I crammed almost everything I ever owned into my car. And I drove off to a Christian college. I couldn’t wait to get there to start the next four years of my life.
Studying the Old and New Testament as course credits, attending chapel multiple times a week, and going to a local church, I thought I was thriving in my first two years of college. I had no idea I had fallen into a spiritual coma—where I became so desensitized to Christianity and to God that I had little to no relationship with Him.
Sure, I was committed to studying Scripture and volunteering in the children’s ministry at my local church. But my prayer life became solely about stress and grades. I rarely encouraged my friends to grow closer to Christ. And I sacrificed my daily quiet time to get more sleep.
For many parents, having their child attend a Christian university is a no brainer. But Christian college isn’t a guarantee students will keep the faith. Christian colleges pride themselves on creating safe, welcoming communities for students to thrive in. These institutions offer an array of courses, groups, and activities to encourage your son or daughter to grow in their faith.
However, to have a relationship with God that thrives, even at a Christian school, students must wake up their faith. And I’ve learned that doesn’t happen simply by immersion in a faith-based university setting.
If I could go back and talk with my freshman self, I would tell her:
Prioritize God in your schedule
Sure, a Christian college builds Christian activity into a student’s week with required worship services and activities. But sometimes those end up as the only moments a student intentionally spends with God. I am so guilty of letting my schedule dictate my priorities, worshiping the idol of busyness and sacrificing my spiritual health in the process.
One of my top goals for this coming year, my senior year, is to slow down to focus on God. Whether it be a morning devotional or a prayer walk around campus, I want to be more purposeful with the time God has given me.
A friend who worked in campus ministry stressed to me that the habits you set in the first two weeks of classes are the most important. This not only goes for extracurriculars and studying, but also for establishing consistent time with the Lord.
Parents can create spaces for their students to have one-on-one time with God before their children leave home. Having devotionals as a family and continuing those conversations while your child is at school strengthens your relationship with each other. It also reveals the values of your family, which your child can carry on to the next generation.
Move toward Christ, not self-actualization
I’ve often heard jokingly that college students are some of the most self-centered people in the world. With the popularity of the Enneagram, Myers-Briggs, and a host of other personality tests, the journey to self-esteem and purpose is often one 10-question quiz away.
And aren’t these four years supposed to be about finding yourself anyway?
While these tests show the uniqueness God has given each of us, there is a danger in settling for a personality label that emphasizes self-actualization over growing in the likeness of Christ. My obsession with perfecting myself quickly turns into bitterness and has left me disappointed over and over again.

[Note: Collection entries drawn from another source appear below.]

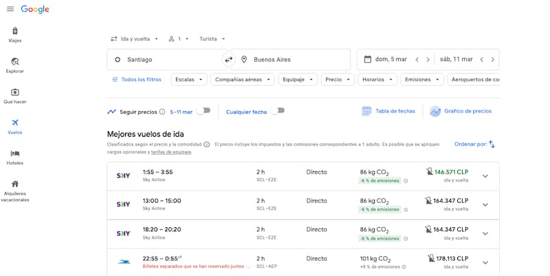 Google Flights es una de las más populares, y destaca porque además de tener información respecto de vuelos, precios y escalas, también entrega datos relevantes respecto de hoteles y atracciones en el destino seleccionado.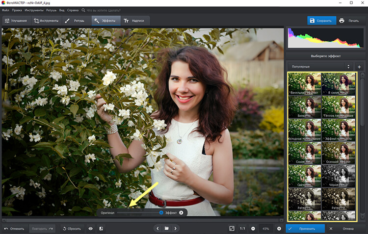 Но даже если со светом и цветовыми характеристиками снимка все в полном порядке, то программа Фотор все равно будет востребована! И всё это по причине того, что позволяет использовать самые разные фотоэффекты, создающих для кадра неповторимый стиль и художественный почерк. Причем рисковать исходным файлом не придется, так как все применяемые эффекты фото можно сперва оценить на превью, а уже после этого сохранить в виде отдельного файла .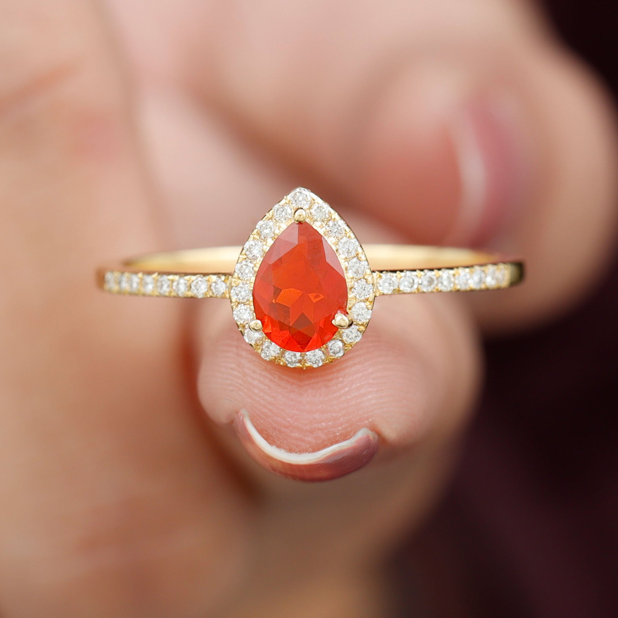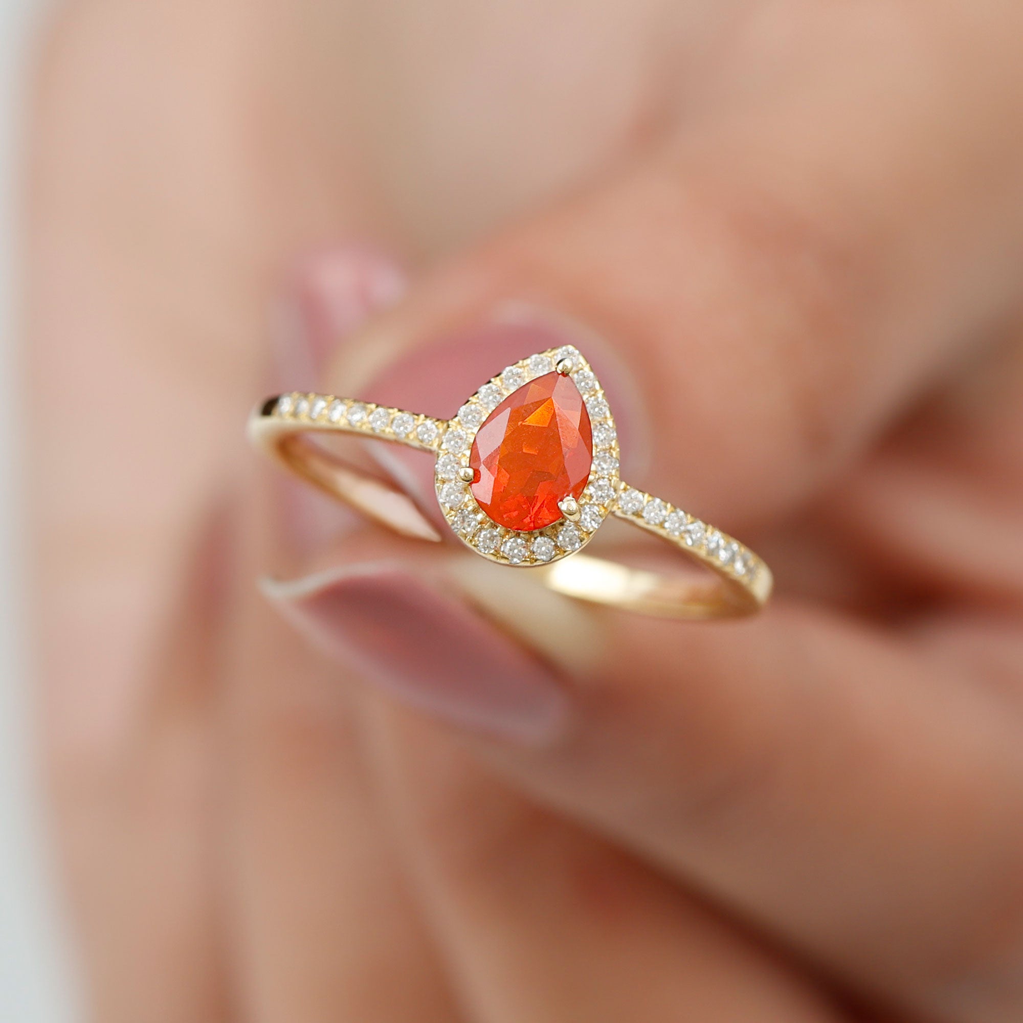 Pear: The pear cut of fire opal rings is a timeless classic. This cut can reveal 71 facets of the stone to enhance its beauty and shape. The teardrop shape also lengthens the appearance of your fire opal. An oval-cut fire opal ring will make your fingers look slender.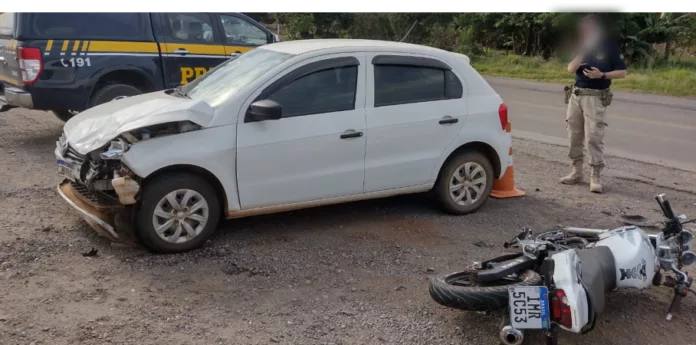 Em vídeo: veja como foi o choque entre carro e moto na 287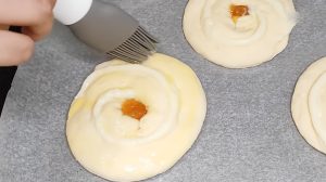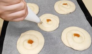 Kráječem na pizzu rozkrájejte placku na pruhy o šířce 3 centimetry. Každý proužek stočte do tvaru šneku a konec důkladně zamačkejte, aby se tvar nerozbaloval. Vyskládejte šneky na plech vyložený pečicím papírem. Doprostřed udělejte důlek, který zaplňte meruňkovým džemem a s pomocí zdobicího sáčku vytvořte spirálu z pudinku.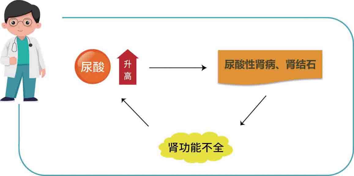一般来说,尿酸在人体内的生产量和排泄量大约是相等的。如果在人体内堆积过多的尿酸,就会造成代谢失调,出现血尿酸升高。而血尿酸水平升高又可导致尿酸性肾病、肾结石,增加发生肾功能衰竭的风险。反之,肾功能不全又是高尿酸的重要危险因素。这样,就会形成高尿酸血症与肾功能受损之间的恶性循环。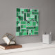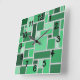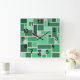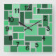 Die Wanduhr hat ein Bauhaus-Design aus Rechtecken, die aus grauen Linien mit verschiedenen Grüntönen gebildet werden.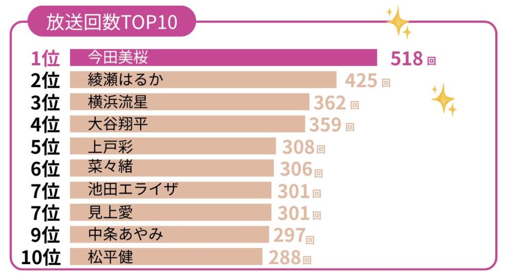 この記事では、上位タレントの順位を一覧で見やすくまとめつつ、「放送回数って何を数えてるの?」「ランキングの見方は?」といった疑問も一緒に解説します。

Setting one’s mind on things above, on the glory of Christ, and our identity in Him, keeps us from finding our identity in grades, performance, or the opinions of others (Colossians 3:2-3). Parents can encourage their children through affirming their God-given value, rather than unachievable standards set by others.
Find a local church and stick with it
Before I started college, one piece of advice regularly stressed to me was the importance of the local church. But I was completely unprepared for the struggle of the search. With more than 40 churches to choose from in my town, I was quickly overwhelmed.
While I was thankful to find a place after a semester of church-hopping, I have friends that aren’t as lucky. Homesickness, a lack of diversity, an overloaded schedule, the fear of missing out on someplace better—all keep students from settling into a home church while away at school. It can be easy to lose hope that there’s a place for you.
The church I attend isn’t perfect, but it is a place where I find connection. In serving, I’ve found a place where I can connect with people of different ages and generations, adding perspective to my limited college worldview.
Parents can encourage their students through conversations on what to look for in a church. By serving in their own local gathering and encouraging their children to join them through the years, parents can instill seeds of using gifts to benefit the body of Christ.
Seek out Christ-centered friendships, not just Christian friends
I wish I would have been more intentional about cultivating friendships centered on Christ during my freshman year at a Christian college. After my first two years of school, I realized how rarely I prayed for my friends and their faith.
While I supported my friends’ growth in their self-image and their studies, I never encouraged them in growing to be like Christ. While praying for their families’ needs, it never crossed my mind to pray for radical experiences in their relationships with Christ.
This year, I want to have friendships where we remind each other of our value in Christ, as iron sharpens iron (Proverbs 27:17). Although I desire to be there for my friends in tough times, God’s strength and comfort is what they need more than anything I could say or do.
Ultimately, I want to encourage my friends to run toward God and dig into His Word. Not just when things are going wrong. But as an everyday relationship with the One who made us.
Don’t be afraid to talk about the gospel
This may sound like a strange piece of advice for a Christian college student, but it’s actually the one I struggle with the most.
When conversations always include faith on some level, I find myself becoming numb to the joy and excitement of the truth. And especially when most, if not all, students are assumed to be Christian. The gospel can rarely be brought up.
I want to be more intentional about having more gospel conversations. And to not be afraid of coming across as over-the-top.
Just as you spend time doing what you care about, you also talk about what you love. If I say I love Christ, then how can my speech not reflect that? Whether it’s encouragement or evangelism, as one of my professors says, “Everyone needs to hear the gospel every day.”
For many students, there are only four short years between high school and the real world. God wants to use this time for more than just chapels and Bible classes.
He wants to radically change relationships, to cultivate passions for His glory, and to draw young adults closer to Him. Walking across the stage having a stronger relationship with Christ is worth so much more than a degree.